This went on for weeks, and then slowly, we noticed that she was always in bed, not even getting up in the morning to send us off to school. We burned toast, pressing cold butter into the black slices with stainless steel knives, wishing for the light brown toast my mother made, warm with melted butter and strawberry preserves. We’d pack our own lunches, Twinkies and thermoses full of Kool-Aid, coming home to frozen casseroles that we would burn in the oven, eating the crusty tops and frozen middles while my mother read.
We knew she was eating, and using the bathroom, and sometimes, even,
taking a shower. We’d find clues: soda cracker crumbs on a plate, a hairbrush with strands of red and silver hair, a towel that, when pressed to the nose, smelled like her skin. She would talk to us, too, saying, “My girls, my girls,” but not much more than that for she was too busy reading to talk.
Our house began to fold in on itself, the rug dusty, the furniture dull without its weekly Lemon Pledge, the fish tank a swirl of algae. When people would call for my mother, we would say, “Oh, she is busy,” always remembering what she told us, how to protect ourselves from strangers. But when the days began to grow longer, the sky rosy still at seven o’clock, and the food was almost gone, my sisters and I knew we had to wake our mother up.
We got on our Sting Ray bikes and road down to the store with a shopping list we’d made while reading the Betty Crocker Cookbook. We bought rice, spinach, and chicken, first of the season peaches, the fuzz soft in our hands. We bought strawberries and apples and whipped cream.
In the kitchen, I sautéed together the spinach and chicken, following the recipe and all the cooking rules my mother had ever taught me: I measured salt away from the mixing bowl, so that if any spilled, it would not spoil the food; I let the water come to a full, rolling boil before I added the rice. My sisters, sitting at the kitchen table, cut the fruit into tiny slices, making a heaping bowl of salad.

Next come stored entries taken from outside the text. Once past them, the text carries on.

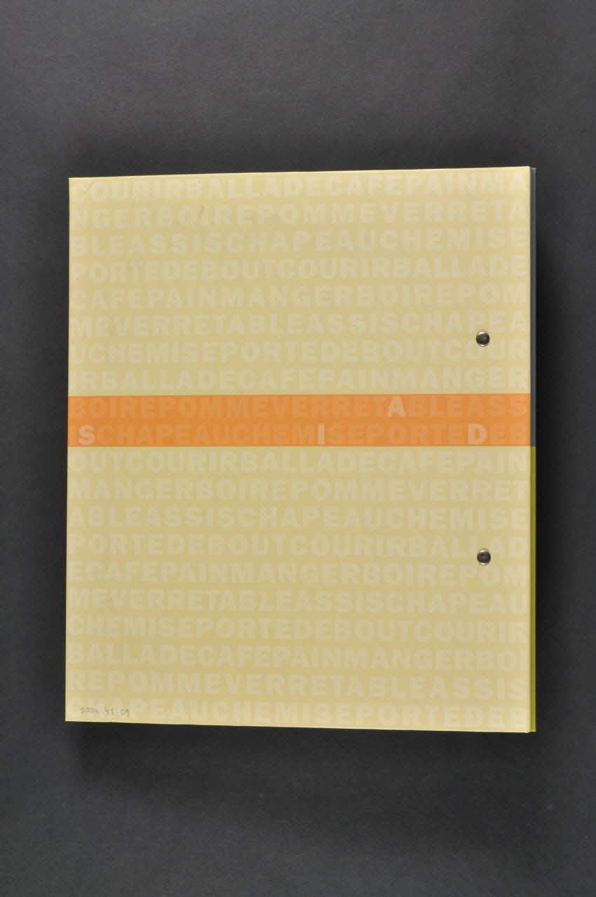 Couverture en carton avec grands anneaux de métal formant classeur. Fond vert pâle avec une marge verticale jaune clair à droite. En sous impression, série de mots apparemment de la vie quotidienne : courir, ballade, pain, manger, boire, pomme, verre, table, café, assis, chapeau, porte, debout, etc. Au centre sur un bandeau gris : "Vivre avec le VIH et le sida / Un ouvrage de référence sur les fondements, l'hygiène de vie et la démarche thérapeutique.". Tout en bas, le logo de l'association. A l'intérieur, huit pages intercalaires en carton fond gris délimitant huit parties avec bande bleue centrale et nom du chapitre en blanc. Lettre de présentation en première page.Inscriptions
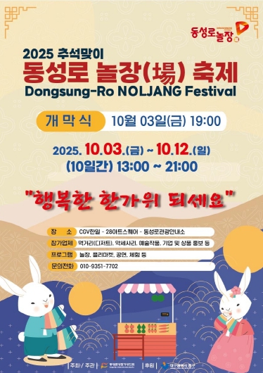 [뉴스노크=김인호 기자] 대구 중구는 10월 3일부터 12일까지 10일간 동성로 보행자전용도로 일원에서 ‘동성로에서 놀며 장보자!’라는 테마로 ‘2025 추석맞이 동성로 놀장(場) 축제’를 개최한다.
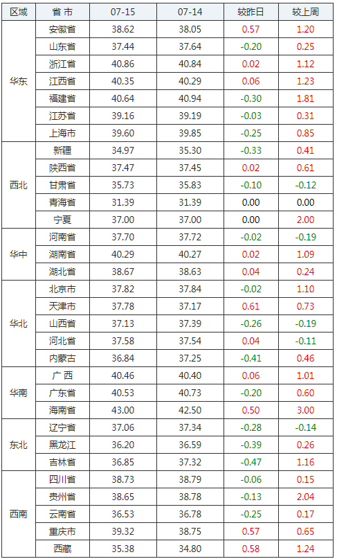 2020年07月15日全國外三元生豬價格行情漲跌表
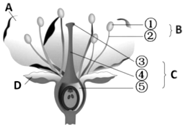 D.完成受精后,A、D以及①②逐渐凋落,③④⑤能继续发育
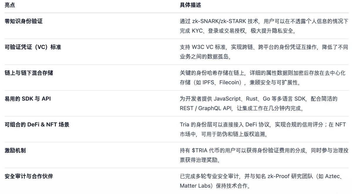 Tria 通过 零知识身份验证 + 可验证凭证 的组合,为区块链世界提供了一套兼顾 隐私、合规与可组合性 的身份解决方案。若项目能够进一步降低使用成本、提升跨链体验,并持续激励生态建设,Tria 有望在去中心化身份领域占据重要位置。
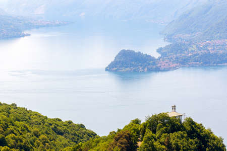 Como lake coasts in hot summer morning, Lombardy, Italy.
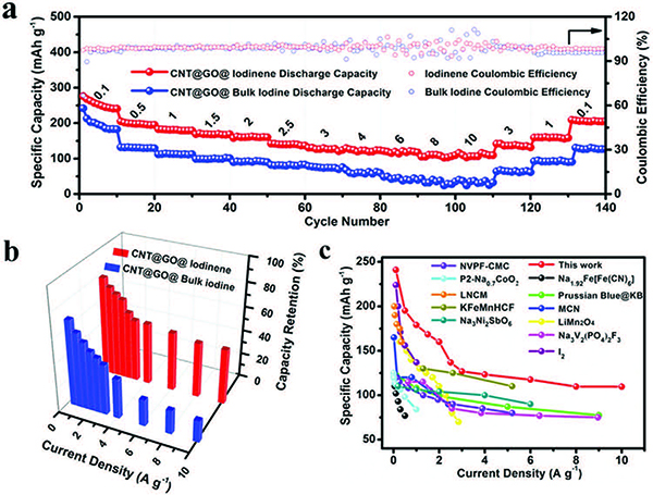 (c)碘烯电极与其他已报道电极材料间的倍率性能对比图。

While I finished cooking, my sisters vacuumed the rug and dusted the furniture, everything gleaming and the same as it had been before the fall.
And just as the chicken, rice, and spinach were done, I went to the bathroom and found my mother’s brush, choosing the longest, reddest hair, holding it up to the light, its ruby amber a miniature mosaic in my hand. I walked back to the kitchen and took out a small pair of kitchen shears, cutting the hair into tiny, imperceptible pieces, letting them fall into the rich casserole, mixing it all with a large wooden spoon.
After we set the table and put out the food, we went into my mother’s room, sitting around her on the bed, breathing in her deep, mysterious new smells. “Wake up, Mom,” we said, pulling away the blankets. “We have dinner. We want you to eat with us.”
She opened one eye, then two, and then sat up, her hair around her head a silvery crown, her eyes huge and lined and tired. We pulled her to her feet, holding her in our arms, all of us the same height as we walked up the stairs to dinner.
Jessica Barksdale
Jessica Barksdale is the author of twelve traditionally published novels, including Her Daughter’s Eyes and The Instant When Everything is Perfect. Her stories and poems have appeared in Mason’s Road, Gargoyle, The Coachella Review, and others. Her story “The Possibility of Fire” won Carve Magazine‘s 2013 Esoteric Prize. She is a Professor of English at Diablo Valley College in Pleasant Hill, California and teaches online novel writing for UCLA Extension.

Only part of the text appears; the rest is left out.